Inserting nodes at a low level is exceedingly easy. You just use list.insert on an appropriate list in the tree. For instance, here's some code that adds the last of the three print calls you want (the other two would be almost as easy, they'd just require more indexing). Most of the code is building the new AST node for the print call. The actual insertion is very short:

source = """
def some_function(param):
    if param == 0:
       return case_0(param)
    elif param < 0:
       return negative_case(param)
    return all_other_cases(param)
"""

tree = ast.parse(source) # parse an ast tree from the source code

# build a new tree of AST nodes to insert into the main tree
message = ast.Str("Seems we're in the general case, calling all_other_cases")
print_func = ast.Name("print", ast.Load())
print_call = ast.Call(print_func, [message], []) # add two None args in Python<=3.4
print_statement = ast.Expr(print_call)

tree.body[0].body.insert(1, print_statement) # doing the actual insert here!

# now, do whatever you want with the modified ast tree.
print(astor.to_source(tree))

The output will be:

def some_function(param):
    if param == 0:
        return case_0(param)
    elif param < 0:
        return negative_case(param)
    print("Seems we're in the general case, calling all_other_cases")
    return all_other_cases(param)

(Note that the arguments for ast.Call changed between Python 3.4 and 3.5+. If you're using an older version of Python, you may need to add two additional None arguments: ast.Call(print_func, [message], [], None, None))

If you're using a higher level approach, things are a little bit trickier, since the code needs to figure out where to insert the new nodes, rather than using your own knowledge of the input to hard code things.

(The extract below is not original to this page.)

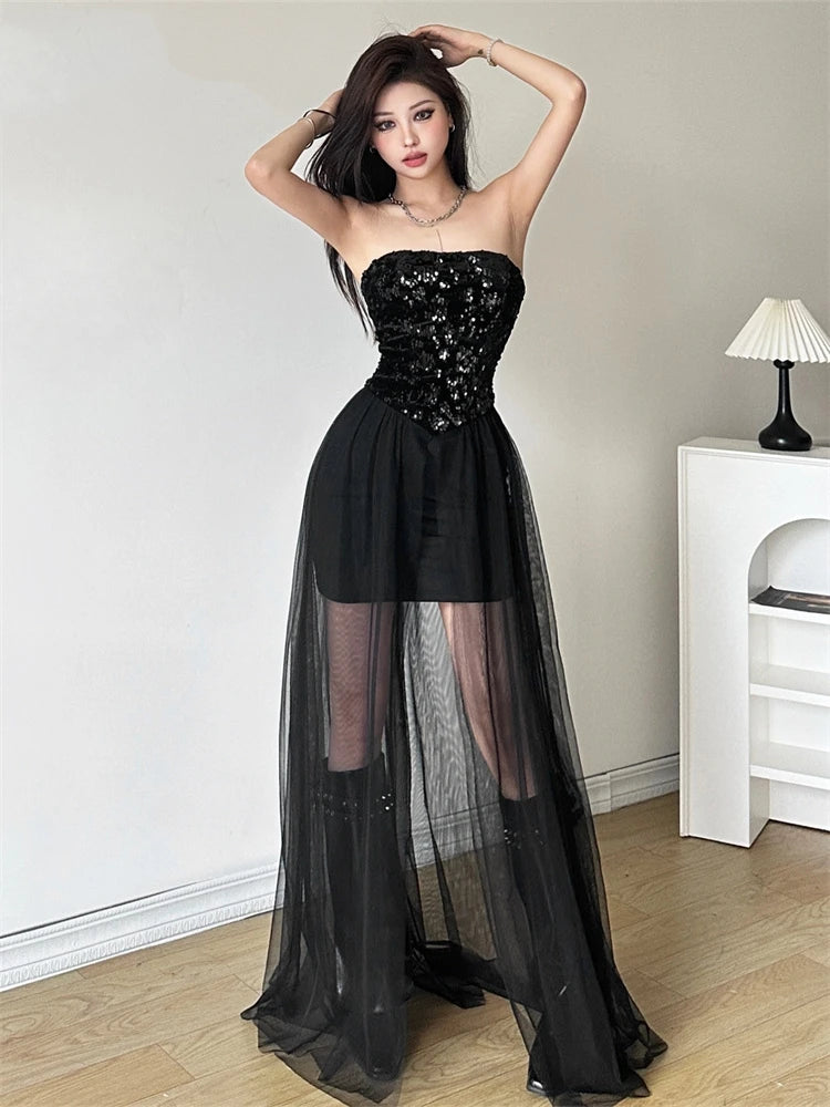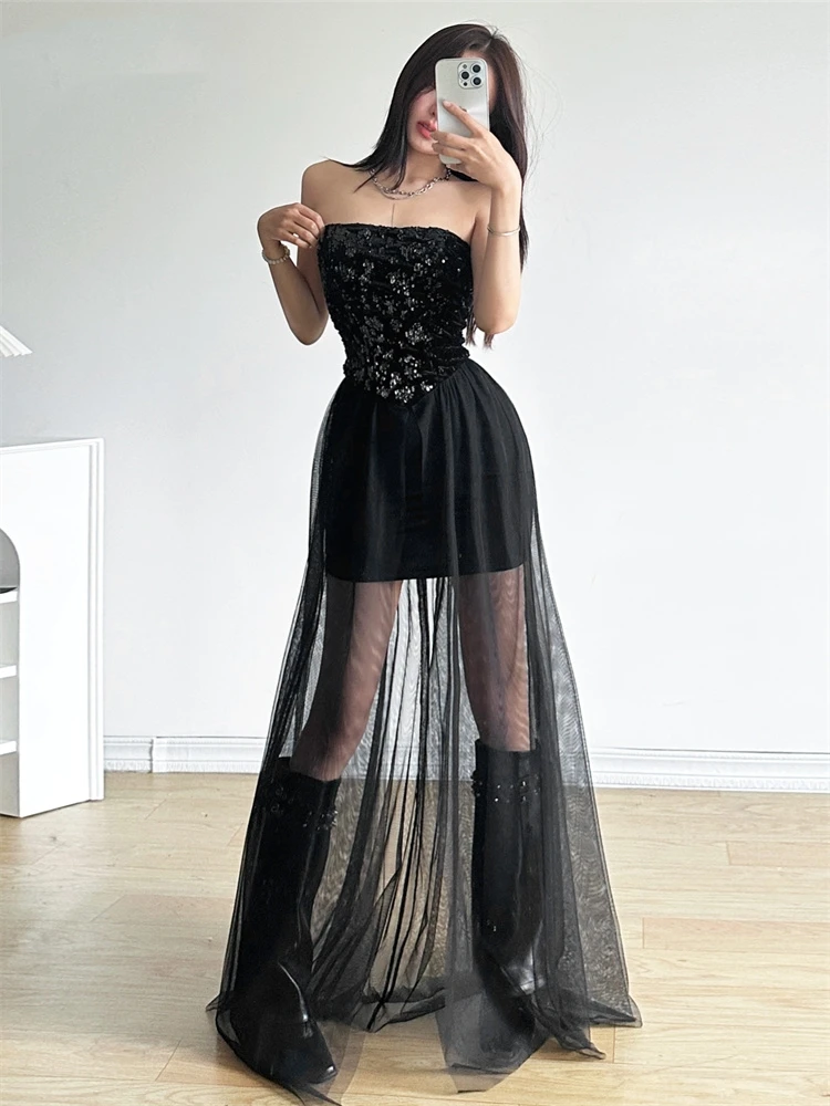 Advbridge Summer Sexy Sisters Party Tulle Pleated Dress For Women Elegant Black Corset Holiday Dresses Female Bridesmaid Robe

Here's a quick and dirty implementation of a TreeWalk subclass that adds a print call as the statement before any statement that has a Call node under it. Note that Call nodes include calls to classes (to create instances), not only function calls. This code only handles the outermost of a nested set of calls, so if the code had foo(bar()) the inserted print will only mention foo:

class PrintBeforeCall(astor.TreeWalk):
    def pre_body_name(self):
        body = self.cur_node
        print_func = ast.Name("print", ast.Load())
        for i, child in enumerate(body[:]):
            self.__name = None
            self.walk(child)
            if self.__name is not None:
                message = ast.Str("Calling {}".format(self.__name))
                print_statement = ast.Expr(ast.Call(print_func, [message], []))
                body.insert(i, print_statement)
        self.__name = None
        return True

    def pre_Call(self):
        self.__name = self.cur_node.func.id
        return True

You'd call it like this:

source = """
def some_function(param):
    if param == 0:
       return case_0(param)
    elif param < 0:
       return negative_case(param)
    return all_other_cases(param)
"""

tree = ast.parse(source)

walker = PrintBeforeCall()   # create an instance of the TreeWalk subclass
walker.walk(tree)   # modify the tree in place

print(astor.to_source(tree)

The output this time is:

def some_function(param):
    if param == 0:
        print('Calling case_0')
        return case_0(param)
    elif param < 0:
        print('Calling negative_case')
        return negative_case(param)
    print('Calling all_other_cases')
    return all_other_cases(param)

That's not quite the exact messages you wanted, but it's close. The walker can't describe the cases being handled in detail since it only looks at the names functions being called, not the conditions that got it there. If you have a very well defined set of things to look for, you could perhaps change it to look at the ast.If nodes, but I suspect that would be a lot more challenging.